● Directions
Please return the records below exactly as they appear, leaving every picture out.

------------------------

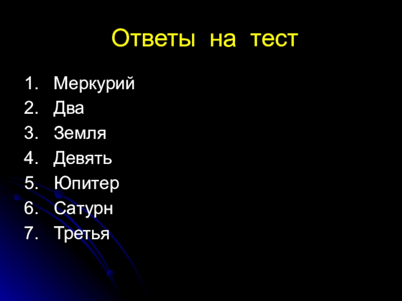 Ответы на тест1.  Меркурий2.  Два3.  Земля4.  Девять5.  Юпитер6.  Сатурн7.  Третья
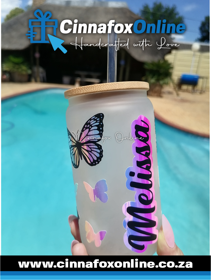 Custom Name - Frosted Glass Cup With Lid & Straw
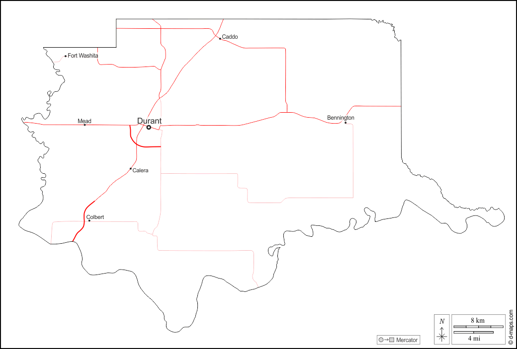 d-maps > संयुक्त राज्य > ओकलाहोमा > ब्रायन काउंटी > बाह्यरेखा, मुख्य शहरों, सड़कों, नाम, सफेद
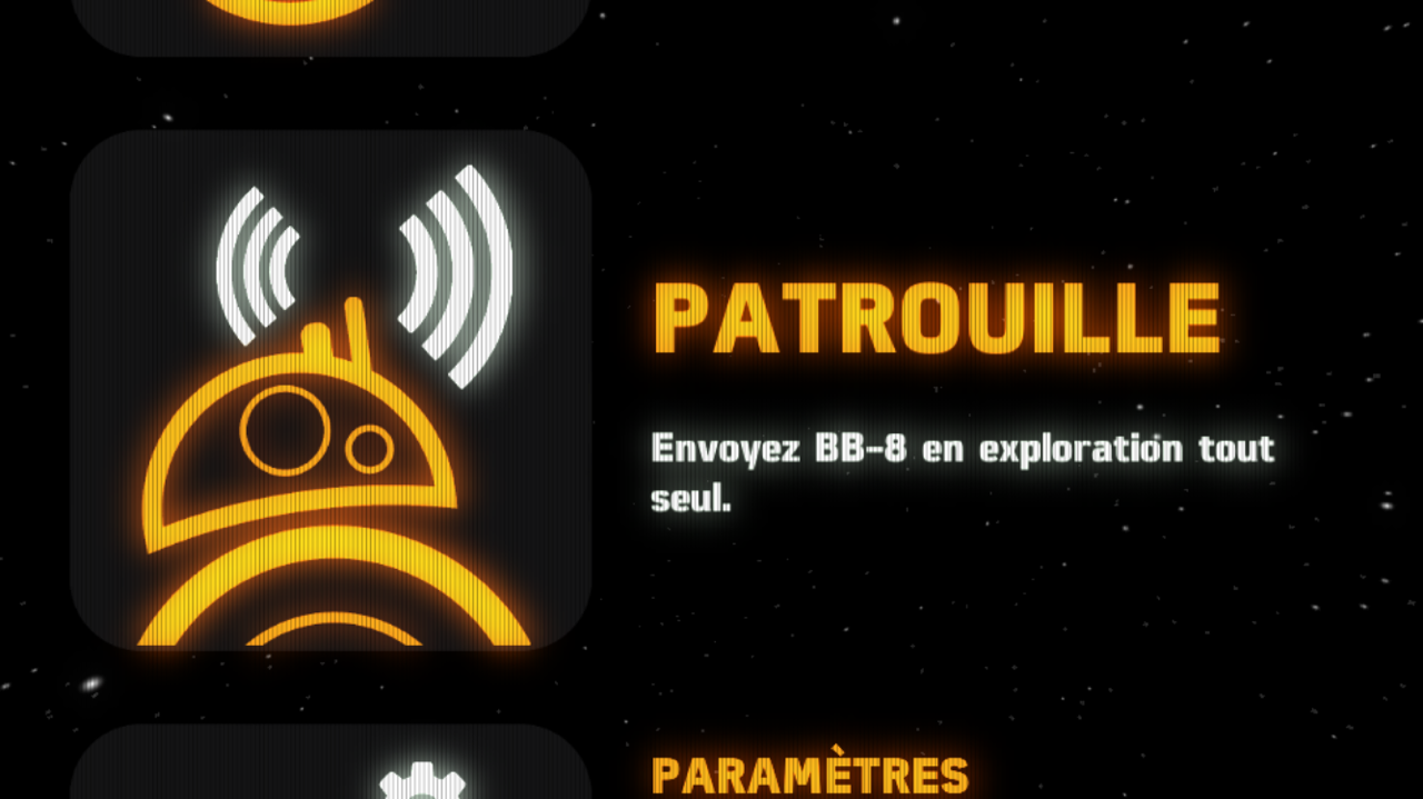 Connecté en bluetooth, il suffira d’approcher votre téléphone (Android comme iOS) équipé de l’application idoine pour activer votre BB-8. Une fois cela fait, un rapide tutoriel vous présentera comment piloter l’animal. Le droïde réponds d’ailleurs au doigt et à la voix sans soucis, sous réserve de parler anglais.
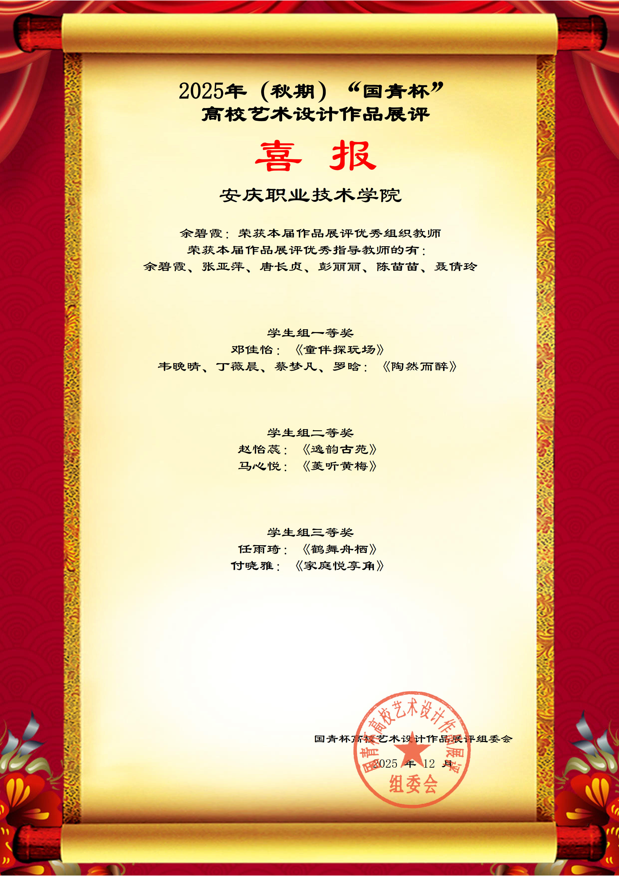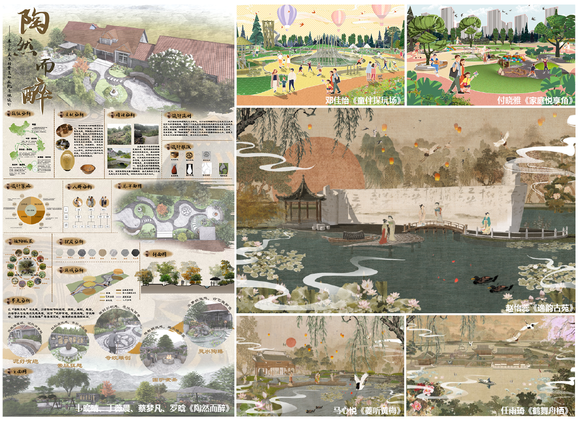 本次征集活动旨在探索艺术设计教育发展新趋势,创新艺术设计人才培养机制,为广大高校师生搭建一个相互交流和提高的平台。经过激烈竞争,我校园林技术专业邓佳怡《童伴探玩场》、韦晚晴、丁薇晨、蔡梦凡、罗晗《陶然而醉》2件作品荣获学生组一等奖,赵怡蕊《逸韵古苑》、马心悦《菱听黄梅》2件作品荣获学生组二等奖,任雨琦《鹤舞舟栖》、付晓雅《家庭悦享角》2件作品荣获学生组三等奖,余碧霞获本届作品展评优秀组织教师,张亚萍、唐长贞、彭丽丽、陈苗苗、聂倩玲等教师获得优秀指导教师。
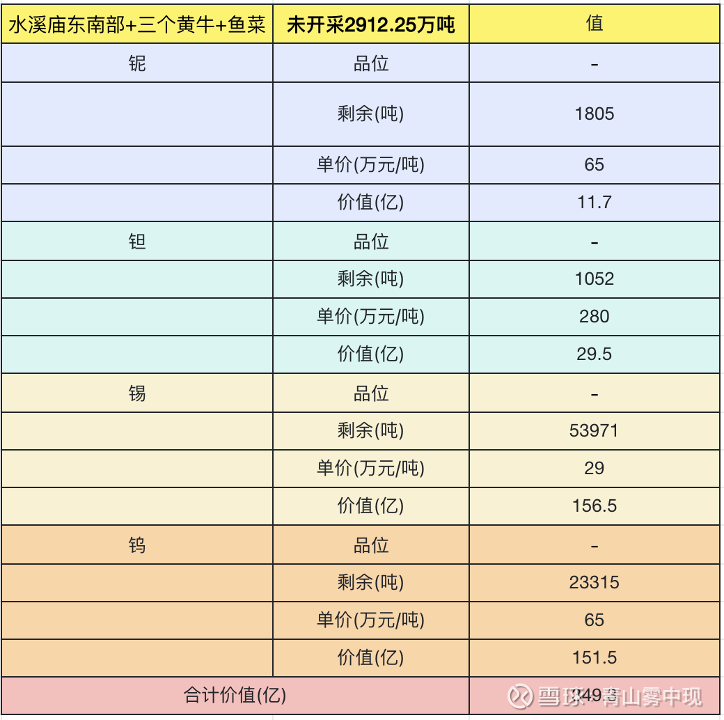 水溪庙东南部+三个黄牛+鱼菜2912.25万吨矿价值合计 349.3 亿

------------------------

● Task output
 Ответы на тест1.  Меркурий2.  Два3.  Земля4.  Девять5.  Юпитер6.  Сатурн7.  Третья
 Custom Name - Frosted Glass Cup With Lid & Straw
 d-maps > संयुक्त राज्य > ओकलाहोमा > ब्रायन काउंटी > बाह्यरेखा, मुख्य शहरों, सड़कों, नाम, सफेद
 Connecté en bluetooth, il suffira d’approcher votre téléphone (Android comme iOS) équipé de l’application idoine pour activer votre BB-8. Une fois cela fait, un rapide tutoriel vous présentera comment piloter l’animal. Le droïde réponds d’ailleurs au doigt et à la voix sans soucis, sous réserve de parler anglais.
 本次征集活动旨在探索艺术设计教育发展新趋势,创新艺术设计人才培养机制,为广大高校师生搭建一个相互交流和提高的平台。经过激烈竞争,我校园林技术专业邓佳怡《童伴探玩场》、韦晚晴、丁薇晨、蔡梦凡、罗晗《陶然而醉》2件作品荣获学生组一等奖,赵怡蕊《逸韵古苑》、马心悦《菱听黄梅》2件作品荣获学生组二等奖,任雨琦《鹤舞舟栖》、付晓雅《家庭悦享角》2件作品荣获学生组三等奖,余碧霞获本届作品展评优秀组织教师,张亚萍、唐长贞、彭丽丽、陈苗苗、聂倩玲等教师获得优秀指导教师。
 水溪庙东南部+三个黄牛+鱼菜2912.25万吨矿价值合计 349.3 亿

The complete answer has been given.